YOUR INSTRUCTIONS:
Produce a faithful copy of the data, one that leaves out the pictures.

DATA BLOCK: Begin

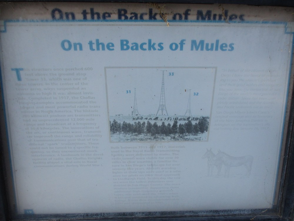 Built between 1915 and 1917, materials used in the Naval Radio Transmitting Facility were delivered by mules. The radio towers were visible for over 50 miles in clear weather, a familiar fixture in San Diego’s landscape for over seventy five years. Aircraft warning lights at their tips were used as a reference for pilots on their final approach to Lindbergh Field. To this day the towers were the tallest structures ever erected in San Diego County. The more modern transmitter, supporting three additional high-frequency antenna types, was used until the 1960’s, when it became outdated by advancing technology. It was then decommissioned in 1991 and dismantled in 1995.
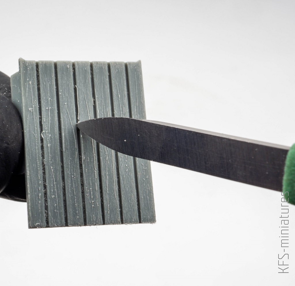 Drewniana podłoga na tyle samochodu nie została przyklejona – chciałem zaprezentować ją drewnianą, niemalowaną. Dlatego to od niej zaczynam proces malowania. Pierwszym krokiem było odtworzenie faktury drewna skrobakiem Trumpetera
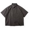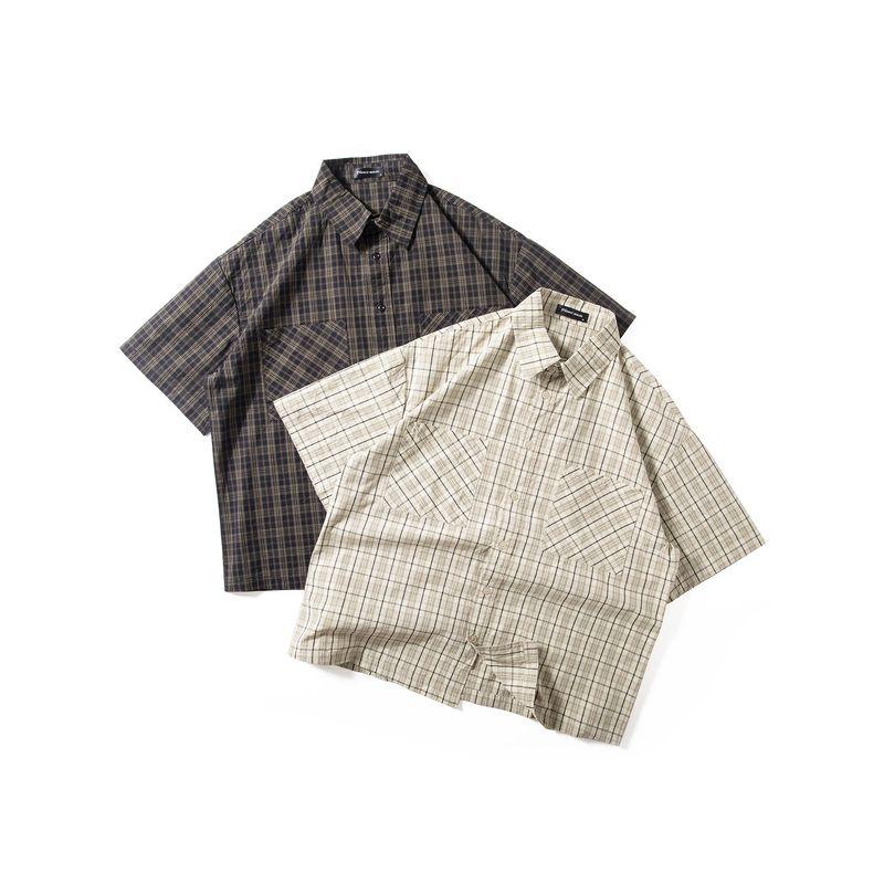 Short-Sleeved Shirt for Men, Summer Trendy Japanese Retro Plaid Cotton Top, Loose Wide-Fit Artistic Half-Sleeve Shirt

DATA BLOCK: End

RESPONSE BELOW:
 Built between 1915 and 1917, materials used in the Naval Radio Transmitting Facility were delivered by mules. The radio towers were visible for over 50 miles in clear weather, a familiar fixture in San Diego’s landscape for over seventy five years. Aircraft warning lights at their tips were used as a reference for pilots on their final approach to Lindbergh Field. To this day the towers were the tallest structures ever erected in San Diego County. The more modern transmitter, supporting three additional high-frequency antenna types, was used until the 1960’s, when it became outdated by advancing technology. It was then decommissioned in 1991 and dismantled in 1995.
 Drewniana podłoga na tyle samochodu nie została przyklejona – chciałem zaprezentować ją drewnianą, niemalowaną. Dlatego to od niej zaczynam proces malowania. Pierwszym krokiem było odtworzenie faktury drewna skrobakiem Trumpetera
 Short-Sleeved Shirt for Men, Summer Trendy Japanese Retro Plaid Cotton Top, Loose Wide-Fit Artistic Half-Sleeve Shirt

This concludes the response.